The sphere and cone meet in a cylinder,
[tex]x^2 + y^2 + \left(\sqrt{3x^2+3y^2}\right)^2 = 4x^2+4y^2 = 4 \implies x^2+y^2=1[/tex]
Then the volume of the region is given in Cartesian coordinates by
[tex]\displaystyle \int_{-1}^1 \int_{-\sqrt{1-x^2}}^{\sqrt{1-x^2}} \int_{\sqrt{3x^2+3y^2}}^{\sqrt{4-x^2-y^2}} dz \, dy \, dx[/tex]
which reduces to the double integral
[tex]\displaystyle \int_{-1}^1 \int_{-\sqrt{1-x^2}}^{\sqrt{1-x^2}} \left(\sqrt{4-x^2-y^2} - \sqrt{3x^2+3y^2}\right) \, dy \, dx[/tex]

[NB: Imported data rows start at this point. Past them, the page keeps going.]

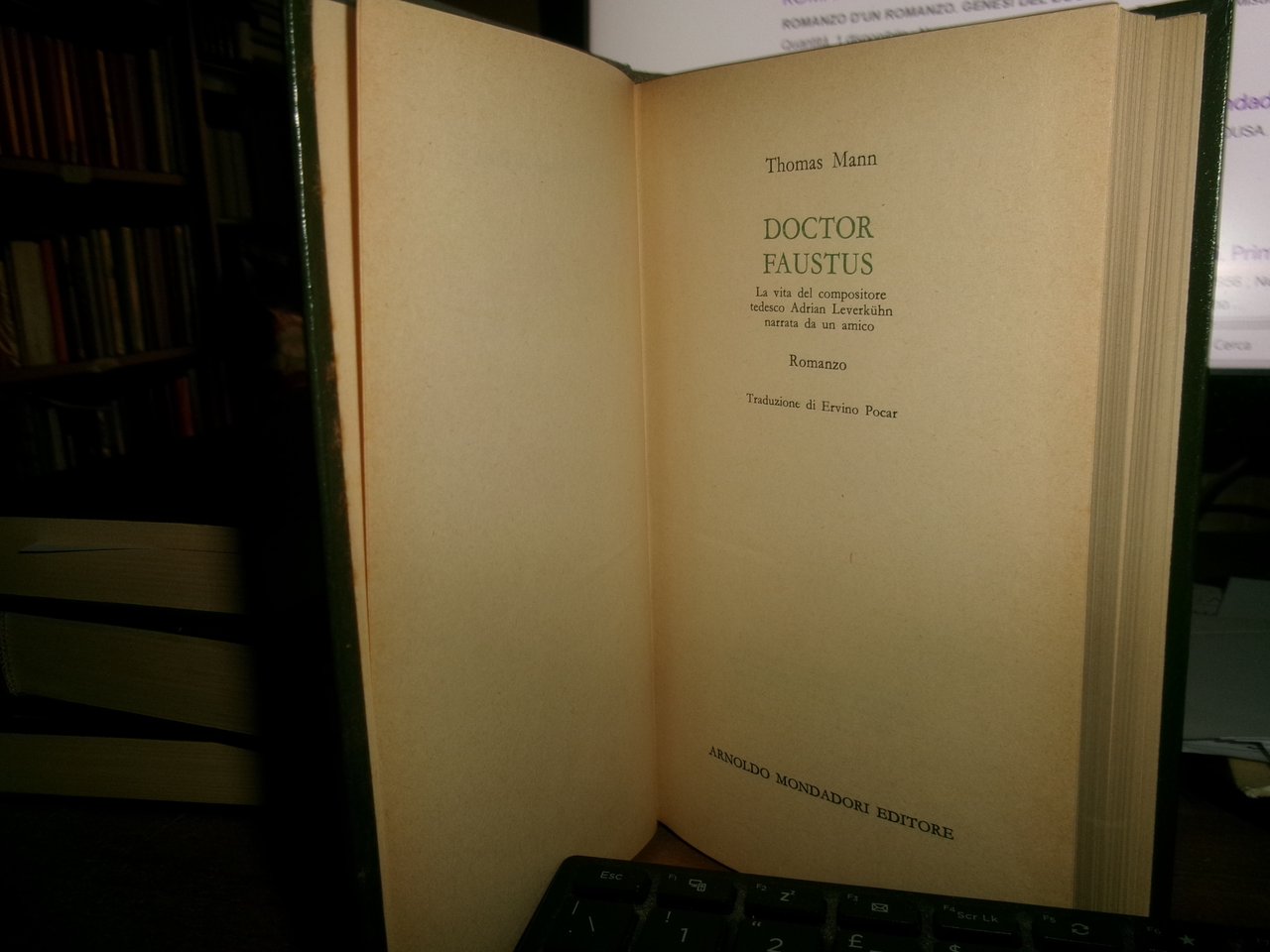 THOMAS MANN. Doctor Faustus romanzo. Milano, Mondadori, (Medusa), 1970. In-16°, similpelle edit. con fregi e titoli in oro. 560 pp. Ottimo stato con le pagine leggermente ingiallite dovute alla qualità della carta. Cas.
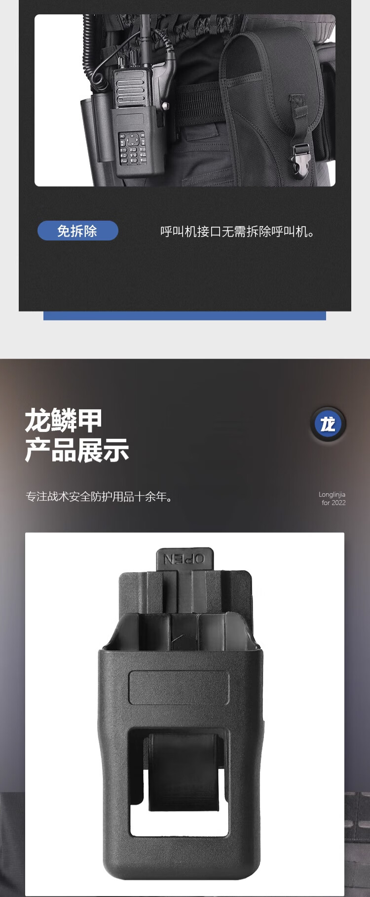 产品颜色:无色差,所见即所得。 尺码大小:配合龚发对讲机,完美适配,不用取下对讲机夹子。 其他特色:龙鳞甲j用装备质量做工较好,性价比高,对于自购党来说,是一个很好的选择。
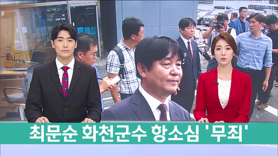 남) 1심 재판에서 당선 무효 위기에 내몰렸던 최문순 화천군수가 항소심에서 무죄가 선고됐습니다.
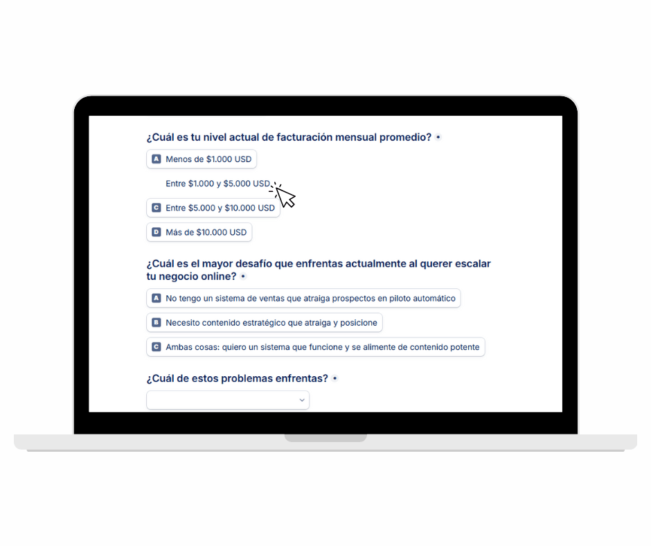 E instantáneamente serás redirigido a un cuestionario gratuito para saber qué necesita tu negocio para comenzar a vender en automático.
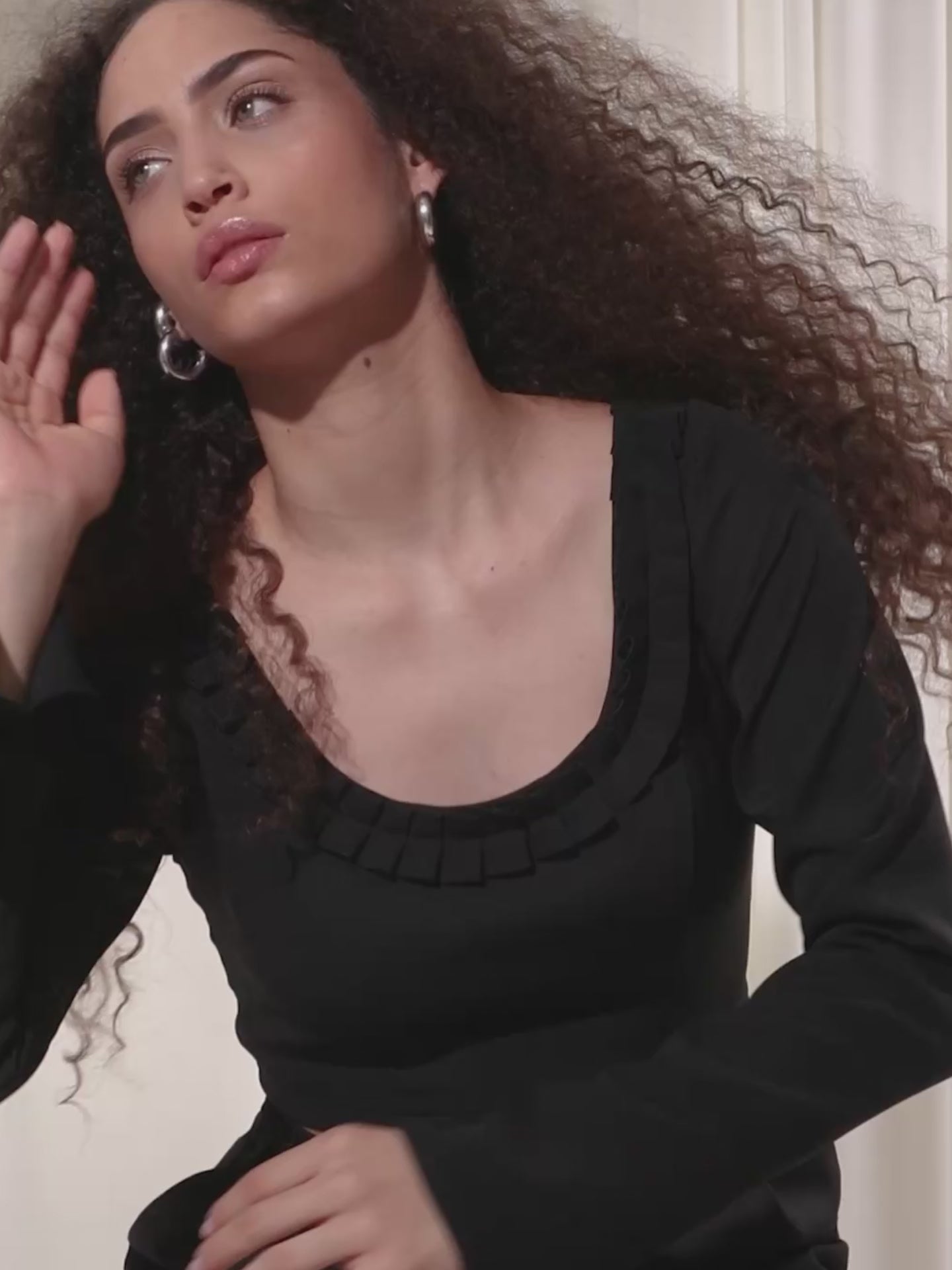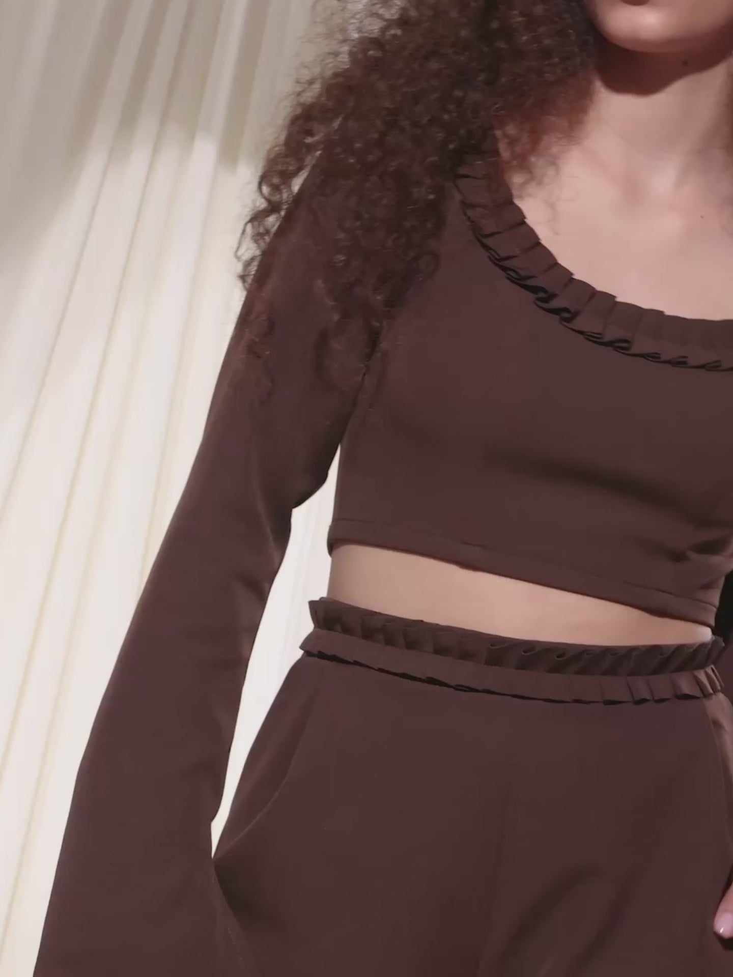 - Compuesto por un top de manga larga tiro alto con escote ovalado y detalles plisados.
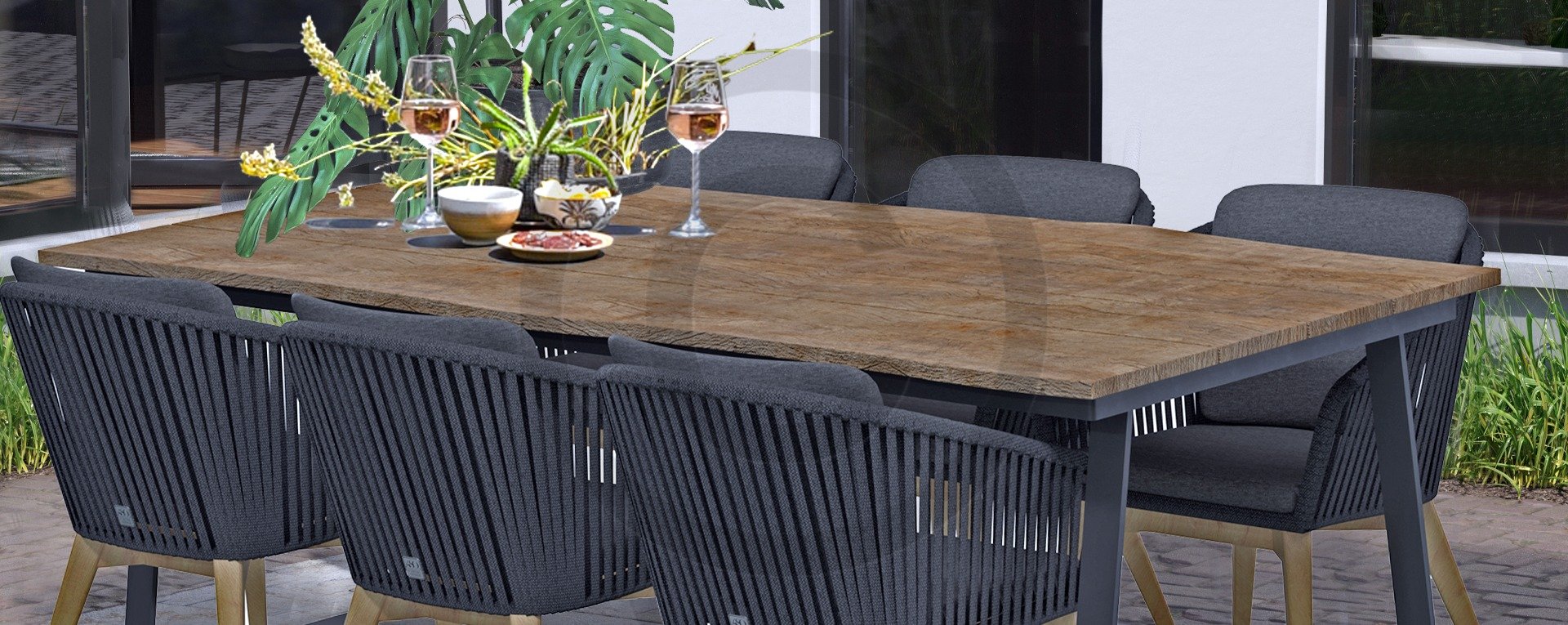 De 4 Seasons Santander Dining is leverbaar in 2 kleuren: Mid Grey met Instant Grey Teak en Black met Natural Teak.

Now convert to polar coordinates. We're integrating over the unit circle, so the integral in polar is
[tex]\displaystyle \int_0^{2\pi} \int_0^1 \left(\sqrt{4-r^2} - \sqrt{3r^2}\right) r \, dr \, d\theta = \boxed{\int_0^{2\pi} \int_0^1 \left(r \sqrt{4-r^2} - \sqrt3\,r^2\right) \, dr \, d\theta}[/tex]